Hijrahku hijrah cinta.
Hijrah? Sekedar berubah dari yang buruk menuju yang lebih baik kah? Sekedar sebuah
perjalanan kah? Tidak!. Disini Ana menganalogikan hijrah itu bagaikan kita ingin
menyebrangi lautan untuk menuju ke suatu pulau yang indah. Deburan ombak akan
menyambut kita, badai laut yang bisa saja terjadi, belum lagi masalah yang ada pada perahu
kita, jangan-jangan nanti perahunya kehilangan kendali lalu tenggelam, wallahualam. Itulah
hijrah bagi saya. Tidak cukup dikatakan hanya perjalanan tetapi juga perjuangan. Perjuangan
untuk selalu berkeyakinan teguh, perjuangan untuk berani memilih jalan lain yang lebih
benar, perjuangan untuk menerima semua tanggapan orang, perjuangan untuk tetap kuat dan
tak akan goyah dengan godaan apapun, dan yang terpenting adalah perjuangan dalam upaya
menyampaikan sebuah kebenaran. Dan semua ini berawal dari cinta. Iya, salah satu alasan
Ana untuk berhijrah adalah karena saat itu Ana sedang jatuh cinta. Setelah sekian lama hati
Ana kosong karena pengalaman yang sangat menyakitkan, akhirnya Allah menumuhkan rasa
cinta itu kembali pada hati Ana. Mungkin sebagian akan beranggapan negatif mengenai
hijrah karena jatuh cinta, tetapi bagi Ana semua tergantung dengan bagaimana menyikapi rasa
itu.
Semua berawal dari suatu pertemuan tak sengaja, tak tahu, tak kenal, hanya sekedar
melihatnya dari kejauhan. Ana merasa dia begitu bersinar dari yang lainnya (saat itu Ana
masih dalam keadaan belum berhijrah ukhti...hehe,masih jahiliyah dan belum bisa menjaga
pandangan). Ana menyimpan perasaan ini dalam-dalam, sendiri, penuh dengan berjuta rasa
ingin tahu semua tentangnya. Namun Ana tak berharap besar, sebab setelah itu Ana tidak
pernah berjumpa dengan dia lagi. Hingga suatu ketika Allah mempertemukan kita kembali
dalam suatu lingkup yang bisa Ana bilang sangat dekat. Iya,dialah pembimbing kelompok
ospek Ana. Sontak saat mengetahui dialah orangnya hati ini merasa sangat sakit dan bingung
harus melakukan apa, jujur selama Ana jatuh cinta sebelumnya Ana belum pernah merasa
aneh seperti ini.
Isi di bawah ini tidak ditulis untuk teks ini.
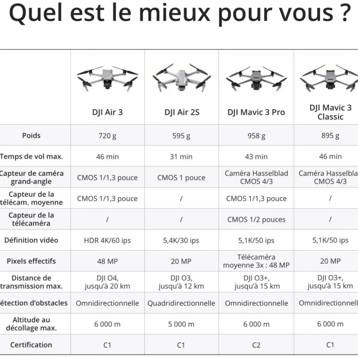 | Livré avec | DJI Air 3 X3 Hélices (paire) à faible bruit DJI Air 3 Protection de nacelle DJI Air 3 Radiocommande DJI RC-N2 Câble radiocommande DJI RC-N2 (connecteur USB-C) Câble DJI RC-N2 (connecteur Lightning) Câble USB-C X1 Batterie de Vol Intelligente D | |

Dalam situasi ini Ana terus termotivasi untuk mencari segala sesuatu tentang

dia, dan akhirnya Ana menemukannya. Dia seorang muslim yang taat, pandai, dan bisa
dikategorikan alim . Lalu terbesitlah dalam diri Ana untuk berfikir, pantaskah diri ini jika
bersanding dengannya?, maukah dia nantinya menerima wanita yang tidak alim seperti
Ana?. Berbagai pertanyaan rasa ragu-ragu terus muncul di benak Ana. Sampai akhirnya
tiba-tiba suatu hari Ana merasa ingin memperbaiki diri, entah mengapa niat itu datang dengan
sendirinya. Tanpa mentoring, tanpa Ana membaca buku-buku apapun, niat itu datang dengan
sendirinya. Namun pada saat itu Ana salah dan belum meluruskan niat karenaNya tetapi
masih karena mas itu (hehe). Seiring berjalannya waktu Ana mulai belajar berhijab yang baik
dan benar, Ana mulai mendekati teman-teman Ana yang alim, dan akhirnya Ana berhasil
mencapai itu semua hingga saat ini. Dan sejak saat itu Ana juga mulai belajar untuk
meluruskan niat, berhijrah karenaNya. Memang perasaan itu tak hilang hingga saat ini, sebab
bayangan dia selalu menari-nari diatas lantunan ayat suci Al-Quran tiap Ana mengaji. Sejak
saat itu pula Ana tidak pernah lagi berani untuk menatapnya secara langsung, hanya bisa
melihatnya dari kejauhan. Hijrah Ana ini disebut Hijrahku hijrah cinta. Karena cintalah
yang membawa Ana untuk menjadi muslimah yang lebih baik, bukan hanya karena jatuh
cinta kepadanya namun juga cinta kepada diri ini yang membawa Ana untuk berniat
memperbaiki diri. Rasa cinta itu memang hingga saat ini tidak kunjung hilang, namun Ana
bersyukur sebab seiring dengan hal itu niat Ana untuk menjadi lebih baik semakin besar. Dan
layaknya wanita yang sedang jatuh cinta pada umumnya Ana juga berfikir bahwa
mungkinkah dia jodoh Ana? Mungkinkah perbaikan diri ini belum cukup sehingga Allah
belum mendekatkan kami? Mungkinkah ini petunjuk bagi Ana untuk terus memperbaiki diri?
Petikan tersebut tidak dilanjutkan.